Activity
Please write out every line of the listing without alteration, but omit the images.

Recorded data
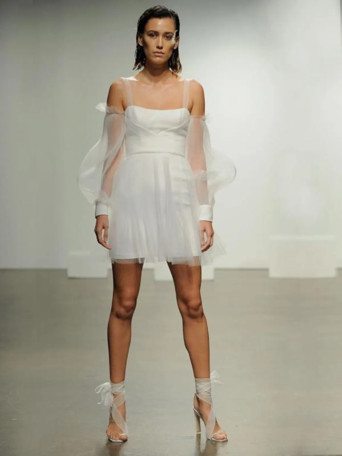وبرز هذا التصميم في عرض أثواب زفاف Rime Arodaky، وفستان قصير بتصميم بسيط وعصري مغطى بالتول مع أكمام طويلة وواسعة من التول.
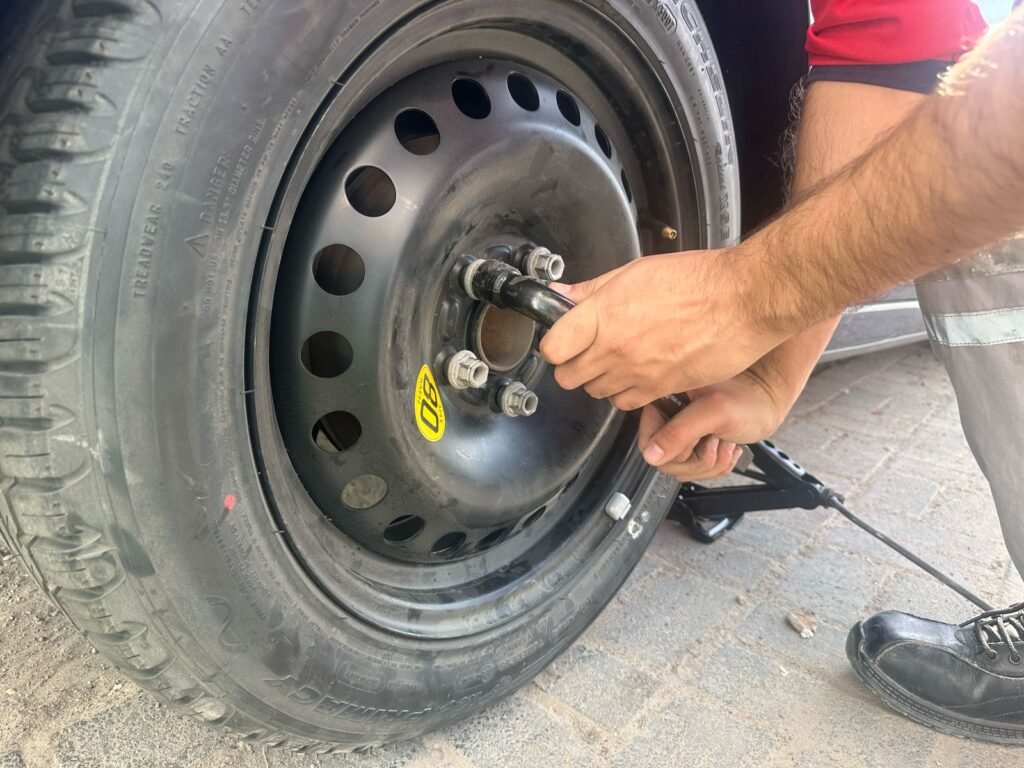 Tyre Change at Home or Roadside – Quick, reliable, and available 24/7.
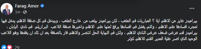 وكتب فرج عامر عبر حسابة الشخصي"في بوك:" بيراميدز عايز من الأهلي اي ؟ المباريات في الملعب ، لكن بيراميدز بيلعب من خارج الملعب ، وبيدخل في كل صفقة القلعة الحمراء يدخل فيها لمجرد افسادها عليه.
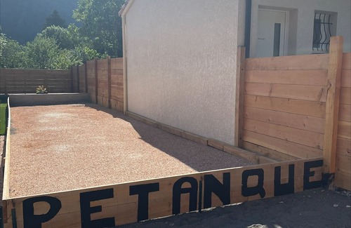 Play area with petanque pitch, table soccer, ping-pong table and children's slide
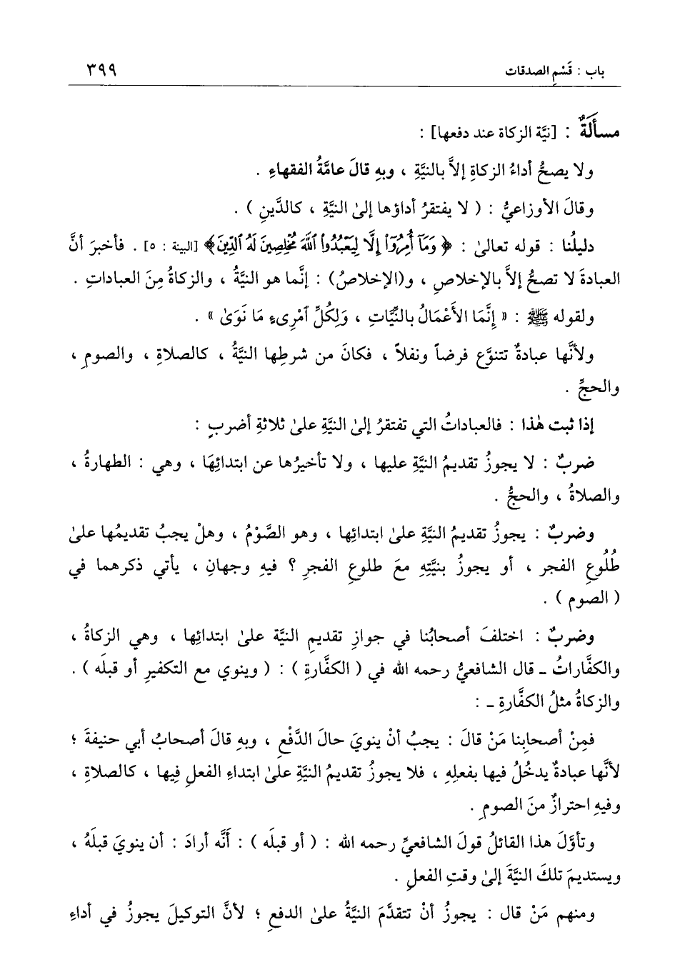 وضرب: اختلف أصحابنا في جواز تقديم النية على ابتدائها، وهي الزكاة، والكفارات - قال الشافعي - رَحِمَهُ اللَّهُ - في (الكفارة) : (وينوي مع التكفير أو قبله) والزكاة مثل الكفارة:

Solution below
وبرز هذا التصميم في عرض أثواب زفاف Rime Arodaky، وفستان قصير بتصميم بسيط وعصري مغطى بالتول مع أكمام طويلة وواسعة من التول.
 Tyre Change at Home or Roadside – Quick, reliable, and available 24/7.
 وكتب فرج عامر عبر حسابة الشخصي"في بوك:" بيراميدز عايز من الأهلي اي ؟ المباريات في الملعب ، لكن بيراميدز بيلعب من خارج الملعب ، وبيدخل في كل صفقة القلعة الحمراء يدخل فيها لمجرد افسادها عليه.
 Play area with petanque pitch, table soccer, ping-pong table and children's slide
 وضرب: اختلف أصحابنا في جواز تقديم النية على ابتدائها، وهي الزكاة، والكفارات - قال الشافعي - رَحِمَهُ اللَّهُ - في (الكفارة) : (وينوي مع التكفير أو قبله) والزكاة مثل الكفارة:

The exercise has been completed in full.